Gewohnt gut ist die Qualität der Fotos, wobei einige Bilder etwas Nacharbeit verdient hätten. Gerade bei Motiven mit Schnee kann ein nachträglicher Weißabgleich das Ergebnis deutlich verbessern. Aber vermutlich gehört das Belassen der ursprünglichen Farbanmutung zum Konzept, auch wenn sie sichtbar falsch ist.
Deutlicher Anlass zur Kritik besteht an den Bildtexten: Nach wenigen Seiten läuft der Bild-Text-Zusammenhang völlig aus dem Ruder, weil hier Geschichten erzählt werden, für die eigentlich kein Platz ist. So kommt es, dass die Texte sich auf Fotos von zwei bis drei Seiten zuvor beziehen – durch ständiges Zurückblättern zum beschriebenen Bild leidet der Genuss des Werkes erheblich!

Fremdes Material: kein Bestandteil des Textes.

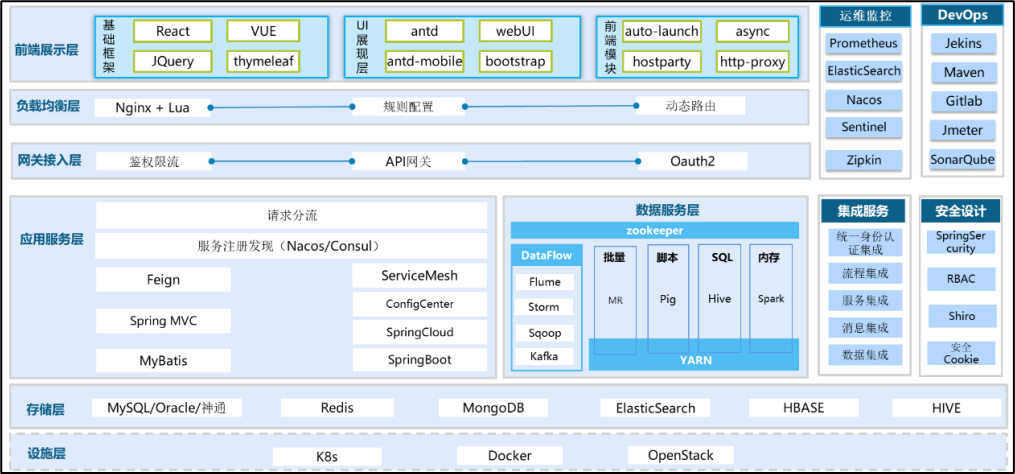 技術(shù)架構(gòu):基于ASP+微服務(wù)架構(gòu),融合低代碼快速開(kāi)發(fā)、容器云平臺(tái)等技術(shù)手段,實(shí)現(xiàn)快速開(kāi)發(fā)、迭代、部署等開(kāi)發(fā)運(yùn)維一體化。

Da hilft es auch nicht, dass in diesem Band zu den Fotos die – sofern vorhanden – genauen Aufnahmedaten und oft auch Namen der Bildautoren angegeben werden. Belanglosigkeiten, Mutmaßungen und einige Fehler trüben den Eindruck des Buches.
Fazit: Dieses Buch macht es einem schwer. Einerseits enthält es – wie seine mittlerweile 16 Vorgänger – großartige unwiederbringliche Fotos in hoher Qualität und mit einem sehr großen „Motive pro Kilometer“-Quotienten. Auf der anderen Seite ist die völlige Auflösung der Bild-Text-Relation eine Zumutung. Auch wenn der Fokus bei den meisten potenziellen Käufern sicher auf den Fotos liegt, ist dies das Schmalspur-Album mit dem größten Wermutstropfen bisher.